昨年五月に刊行が開始された『テオリア 高橋英夫著作集』もおかげさまで順調に巻を重ね、このたび第五巻が出ました。
第五巻のテーマは古典です。講談社から単行本と文庫で出していただいた『ミクロコスモス 松尾芭蕉に向かって』と岩波新書の『西行』が全編収録され、その二作品を繋ぐように、中間に『芭蕉遠近』(小沢書店)からの抜粋が収められています。校正を初めて目にしたとき、この見事な編集は長谷川郁夫氏だからこそと感銘を受けました。
私ごとになりますが、校正作業中、思わず手を止め何度も読み返した一節があります。それは『芭蕉遠近』の「発見と再生の旅路 西欧紀行文と『おくのほそ道』」に記されているもので、「紀行文には長い歴史がある、というのではない。人類史的歴史が紀行文の背景にあるのだ。」という一文から展開する一節。その一部を引用します。

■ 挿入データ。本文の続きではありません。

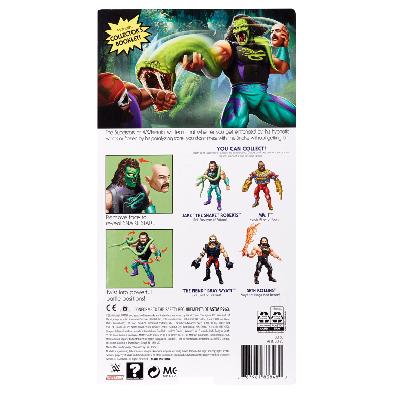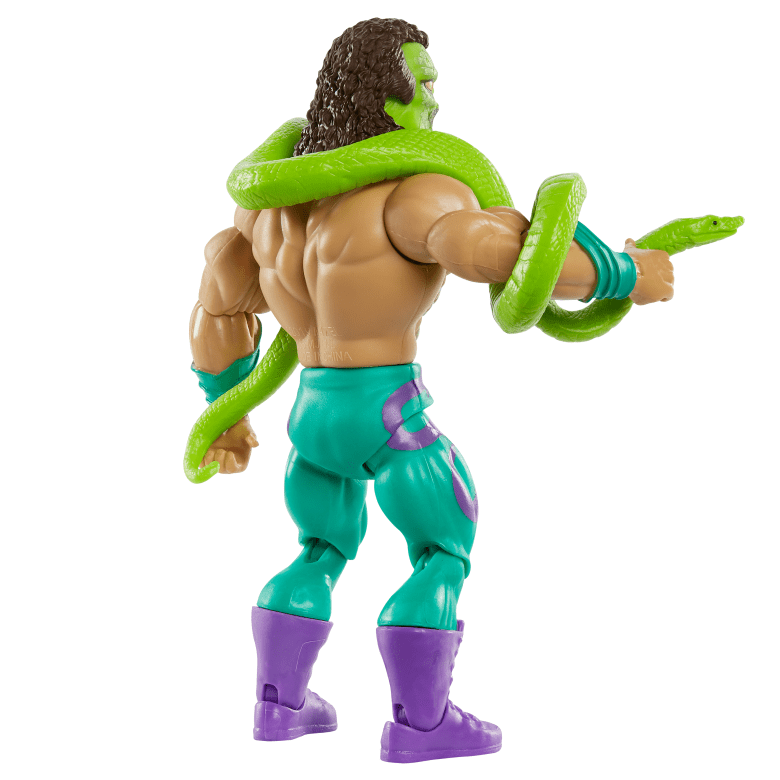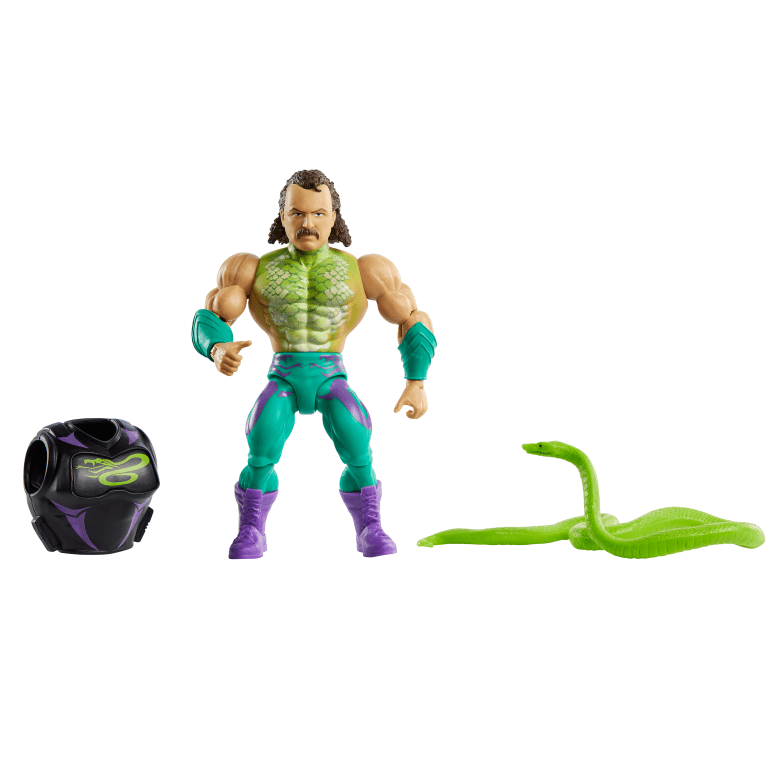 Jake “the Snake” is the “Evil Purveyor of Poison.” (Walmart link) With a removable face, Jake Roberts brings back memories of King Hiss from the original Masters of the Universe line.

『おくのほそ道』は、実際に奥州旅行の行われた元禄二年(一六八九)よりも後で、長い時間をかけて完成された。推敲が済んで能筆家素龍に清書依頼がなされたのが元禄七年であったことは知られているし、この紀行が旅の事実そのままを伝えたものでなく、大小のフィクションを含んでいることはそれ以上に知られている。一方ゲーテの『イタリア紀行』にも同様の事情があった。旅は一七八六年から八八年にかけてであり、出発時にゲーテは三十七歳だったが、紀行の刊行ははるか後年まで遅れ、第一部が一八一六年、ゲーテ六十七歳の時である。その間に三十年が経過している。更に第二部はその翌年の刊、第三部に当る『第二次ローマ滞在』に至っては一八二九年、八十歳の歳に出版された。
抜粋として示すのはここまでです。